From the table where α=.05, and σ for b0 is 2.6666667 and df = 8, we have Power for b0 is 0.64

2.23

Part (a)

data=read.table("CH01PR19.txt",header = FALSE)
x=data[,2]
y=data[,1]
n=length(x)
b1 = cov(x, y)/var(x)
b0 = mean(y) - b1*mean(x)
SSR=sum((b1*x+b0-mean(y))^2)
SSE=sum((y-b1*x-b0)^2)
SSTO=sum((y-mean(y))^2)
MSE=SSE/(n-2)
MSR=SSR/(1)
df1 = data.frame(SS=c(SSR,SSE,SSTO),df=c(1,n-2,n-1),MS=c(MSR,MSE,NA),F_value=c(MSR/MSE,NA,NA),row.names = c("Regression","Error","Total"))
df1

##                   SS  df        MS  F_value
## Regression  3.587846   1 3.5878459 9.240243
## Error      45.817608 118 0.3882848       NA
## Total      49.405454 119        NA       NA

Above is the ANOVA table

Part (b)

The MSR measured the variance in the Grade point average that is captured by the model, which is 3.5878459. The MSE measured the variance the Grade point average that is not captured by the model, which is 0.3882848.

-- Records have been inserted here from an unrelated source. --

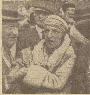
Zuzanna Lengnen (Fr.)

Lenglen wyrównywa. Potem już za każdą grą zmienia się obraz walki i za każdą grą zmieniają się twarze widzów. Wills prowadzi 4:3. Zuzanna wyrównywa. I znów Wills górą — 5:4. I znów, w śmiertelnej ciszy, francuska czterema piłkami ratuje się od przegrania seta a nawet prowadzi 6:5, i... 40:30! Wreszcie jeszcze jedna piłka — główny sędzia ogłasza ją za dobrą (na korzyść Lenglen), a więc set - match. Wskutek reklamacji jednak sędziego autowego, piłka ta zostaje unieważniona, a mecz wznowiony. Zdenerwowana nieoczekiwanym zwrotem w grze, Zuzanna przegrywa game'a. Stan gry brzmi 6:6. Wydawało się, — że set dla Zuzanny stracony. Nie. Dwie następne gry, zdobywa znowu ona, wygrywając ostatecznie set i match.
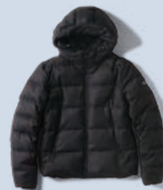
GIACINTO ジャチント ¥110,000

デビュー以来、1番人気の定番型ウールダウン。程よく光沢のある上質なウールファブリックが、カジュアル感をおさえたモデル。撥水加工で通常よりも汚れが付きにくくなっているのもポイント。フードは取り外し可能で機能性も◎。
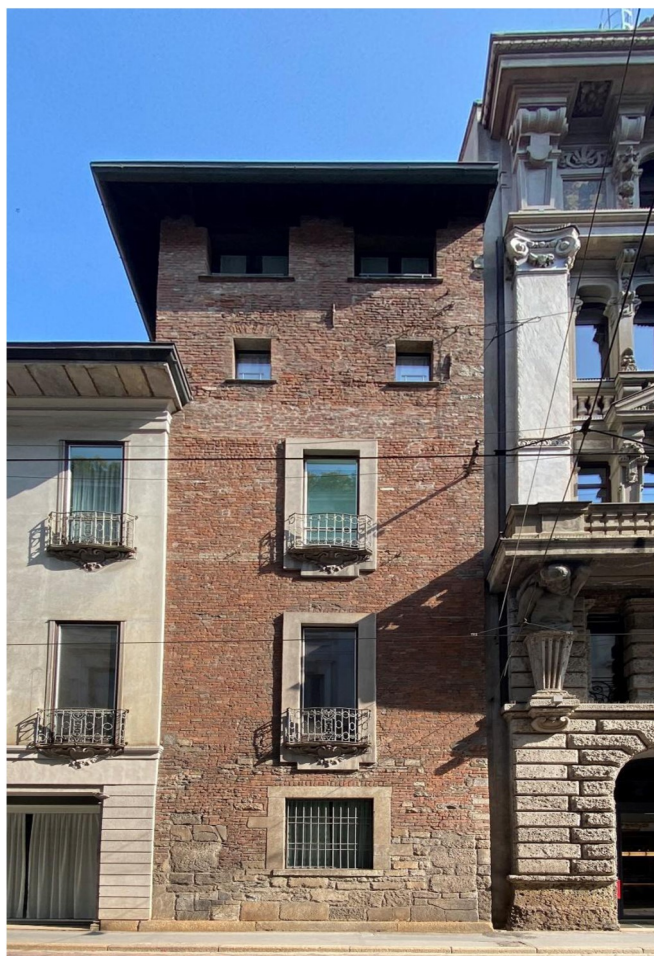
La Torre dei Meravigli a Milano

PUNTO DI RITROVO E ORARI: Piazza dei Mercanti, Milano, 28/09/2024, ore: 10.00-12.00; prenotazione obbligatoria e-mail: castellilombardia.segreteria@gmail.com ; tel. 3209667337
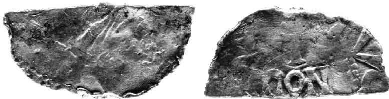
Ryc. 5. ½ denara Alberta II z grobu nr 23 (MNKi)

½ denara hrabiego Namur, Alberta II, lata 1018–1064 9 , men. Namur 10 .
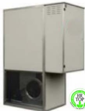
BUITENOPSTELLING X E

VOOR OPBLAASBARE STRUCTUREN 115 > 570 kW
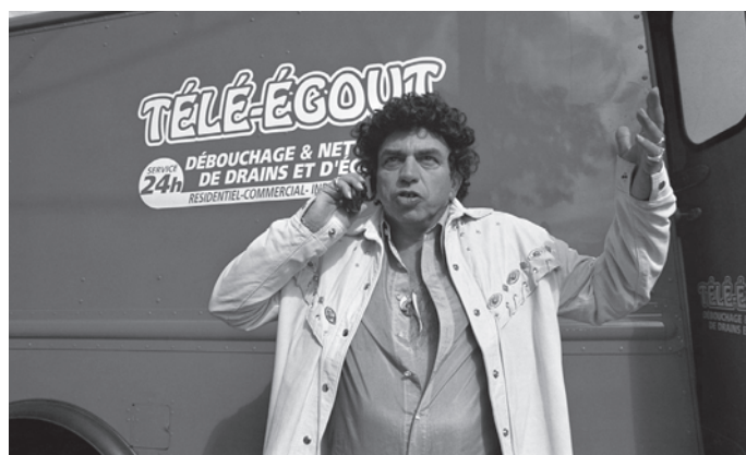
Elvis Gratton XXX: La Vengeance d'Elvis Wong
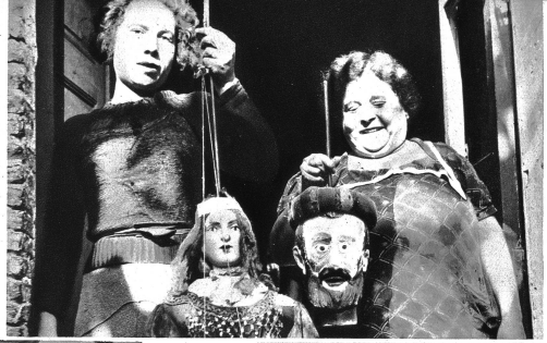
Lebende und tote Köpfe, „alles hängt an Fäden“, so ist das Leben . . . .
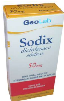
6841-Sodix 50mg c/20 Diclofenaco Sódico Referência: Voltaren
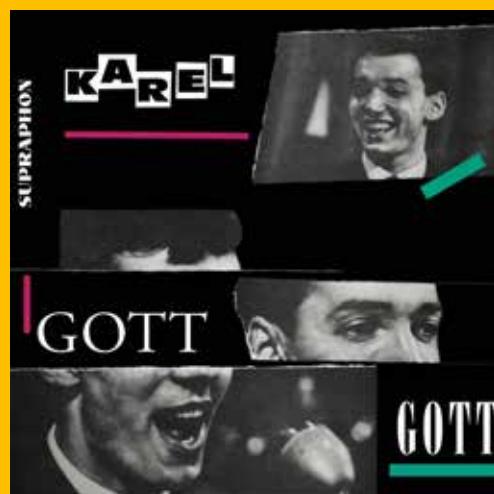
LP Zpívá Karel Gott

Bujný rozvoj mladé československé popkultury, vystrkující růžky i za hranice republiky, zarazily tanky armád varšavského paktu v čele se Sovětským svazem. O tom ale až příště. ☒
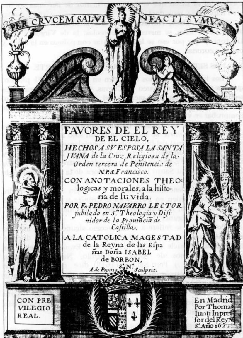
Primera página del libro impreso en 1622 que contiene una biografía y alguno de los escritos de la iluminista toledana Sor Juana de la Cruz
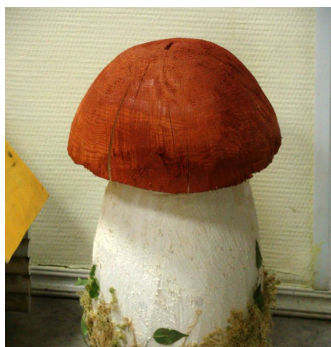
Гриб так и просится в корзинку.
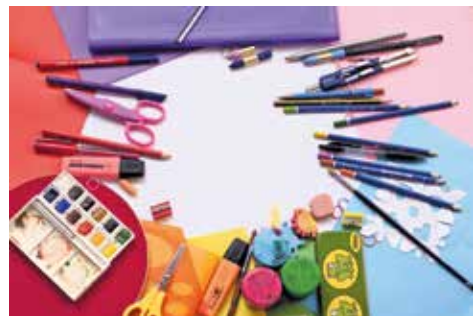
Mit dem Schulstartprojekt unterstützt der Landkreis Hildesheim Familien mit geringem Einkommen.

– AWO Kreisverband Hildesheim-Alfeld, Telefon: 051 21/1 79 00 00, Website: www.awo-hi.de
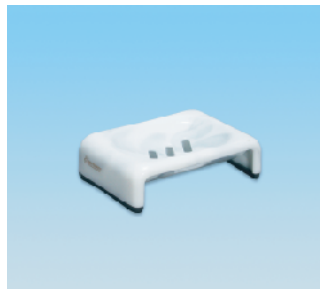
セッケンホルダー/EX ●価格:1,800円 ●サイズ:150×103×39 ●入数:40 ●材 質:ポリプロピレン POS/[G]566464 [Br]566471 [W]566488
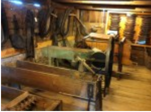
Arbeitsgeräte der Bauern
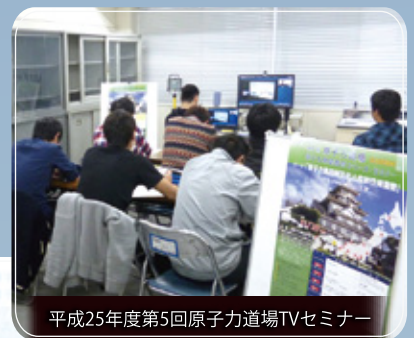
平成25年度第5回原子力道場TVセミナー

*この事業は文部科学省「平成26年度 原子力人材育成等推進事業費補助金」によって行われます。
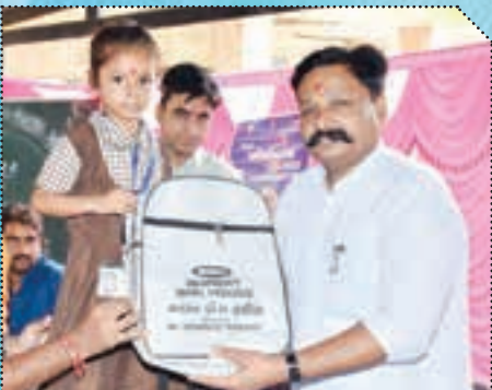
મંત્રી શ્રી અર્જુનસિંહ ચૌહાણ મહેમદાવાદ - ખેડા
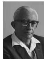
מרדכי בנטוב שר הפיתוח
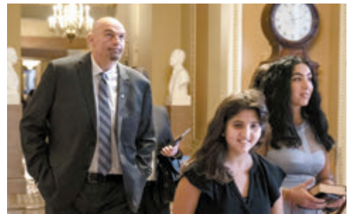
◆ 民主黨參議員費特曼及其家人。網上圖片

南卡羅來納州共和黨眾議員梅斯對TikTok法案投下反對票，她回到家後，孩子們對她大加讚賞，「他們在TikTok上看到我的投票。我的孩子們都是在TikTok上看新聞，他們很滿意，這次他們沒有感到尷尬。」

From the F-test for \(\beta_1\) we know that when \(\beta_1\) = 0, MSE and MSR will estimate the same quantity.

Part (c)

PFb1 = pf(MSR/MSE,1,118,lower.tail = FALSE)

The H0 for F-test is that β₁ is zero and the alternative is that β₁ is not zero. The F-Statistic we have is 9.2402427 and its P_value is 0.0029166 which is smaller than the α that we set up to be 0.01. Hence, we reject H0 which states that β₁ is zero.

Part (d)

The absolute magnitude of the reduction in the variation of Y when X is introduced into the regression model is the same as SSR, which is 3.5878459. The relative reduction is SSR/SSTO which is 0.0726204. The name of the latter measure is coefficient of determination(R²).

Part (e)

r = sign(b1)*sqrt(SSR/SSTO)

The r obtained for this model should have the same sign of b1, which is 0.2694818

Part (f)

R² has the more clear-cut operational interpretation, because in operation, companies care about how much the variance of Y has been explained instead of whether the slope of the fitted regression line is positive or negative.